First, in the present study, we observed a very similar trend in HR dependence of transit-time PWV and distensibility-based PWV when calculated using an analytical derivative. Furthermore, we determined that using a different foot detection method (intersecting tangent instead of maximum second derivative) only minimally changed our results. This, together with the argumentation in the previous paragraph, excludes the influence of the foot detection algorithm as a cause for the observed HR dependence, which would only be applicable for PWV_TT; leaving hypotheses 2–4 intact.
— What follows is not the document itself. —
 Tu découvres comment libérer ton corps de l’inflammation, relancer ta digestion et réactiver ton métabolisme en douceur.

Second, sympathetic tone has been shown to have no influence on stiffness in the large arteries following sympathectomy in rats [15,32].
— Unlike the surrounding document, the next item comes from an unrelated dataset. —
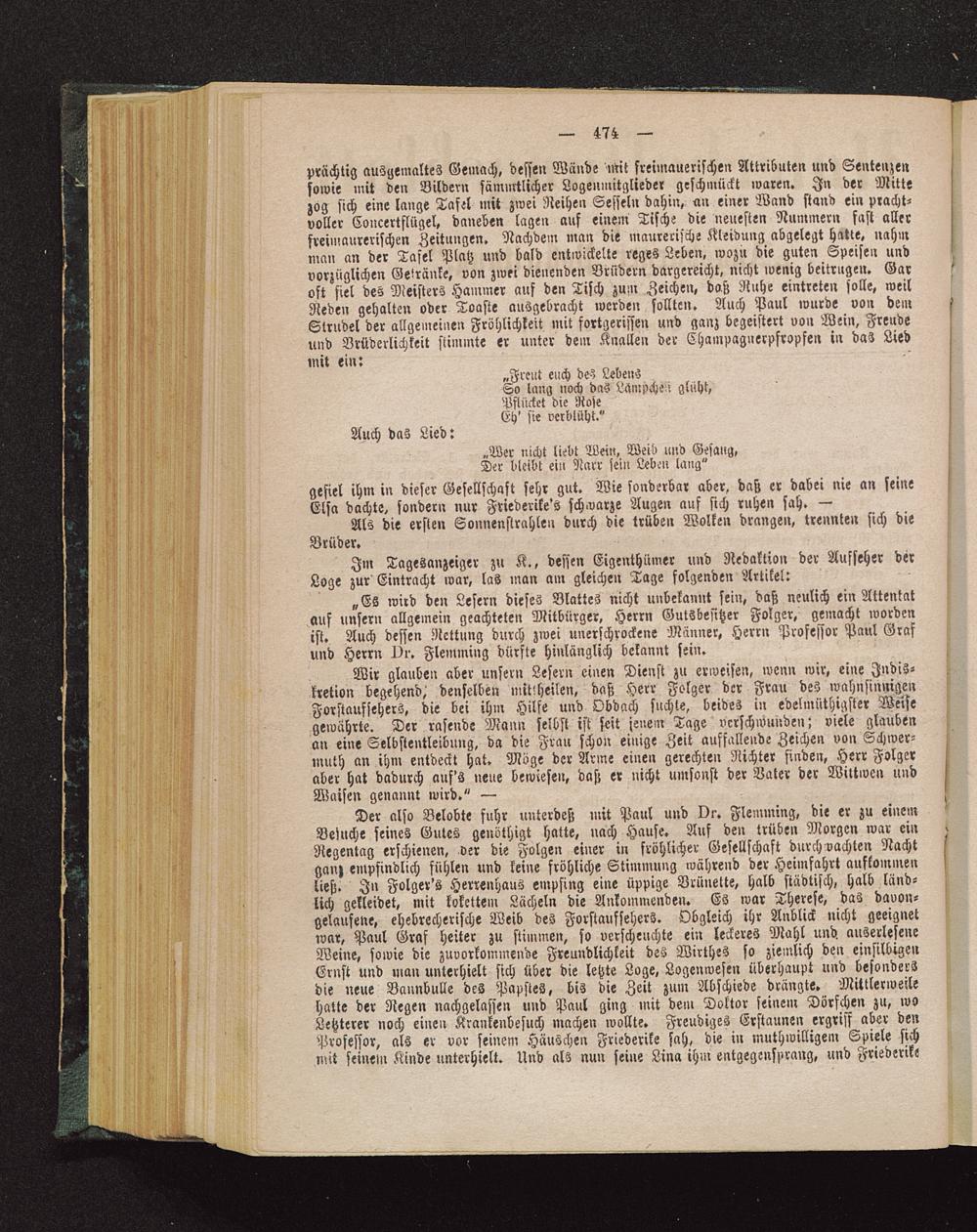 „Es wird den Lesern dieses Blattes nicht unbekannt sein, daß neulich ein Attentatauf unsern allgemein geachteten Mitbürger, Herrn Gutsbesitzer Folger, gemacht wordenist. Auch dessen Rettung durch zwei unerschrockene Männer, Herrn Professor Paul Grafund Herrn Dr. Flemming dürfte hinlänglich bekannt sein.

Third, in the present study, we used SNP and phenylephrine to modulate blood pressure. The peripheral vasodilatory effect of SNP has previously been shown to decrease wave reflections [33], while phenylephrine-induced peripheral vasoconstrictions may increase wave reflections [34]. In addition, broad correlations have been demonstrated between wave reflection and PWV_TT[35] and PWV_dist[36], albeit showing different patterns of change with ageing [37]. To study the effects of wave reflections, hence, we estimated RI/RM and their relations to HR and blood pressure. As expected from the modulating effects of SNP/phenylephrine, with an increase in blood pressure (i.e. when shifting from SNP infusion, to no infusion, to phenylephrine infusion), we observed an increase in wave reflection. At given (fixed) blood pressures, however, wave reflection decreased with increasing HR, corroborating earlier simulation studies [38]. This effect became stronger with increasing blood pressure. PWV_dist (using diastolic as well as systolic points to linearly estimate dp/dA) strongly relies on determination of a systolic p--A point, which in turn will be influenced by wave reflections. Hence, the observed, paradoxical decrease in HR dependence of PWV_dist at higher DBP (Fig. 3a) could well be explained by changes in wave reflection (Fig. S2a).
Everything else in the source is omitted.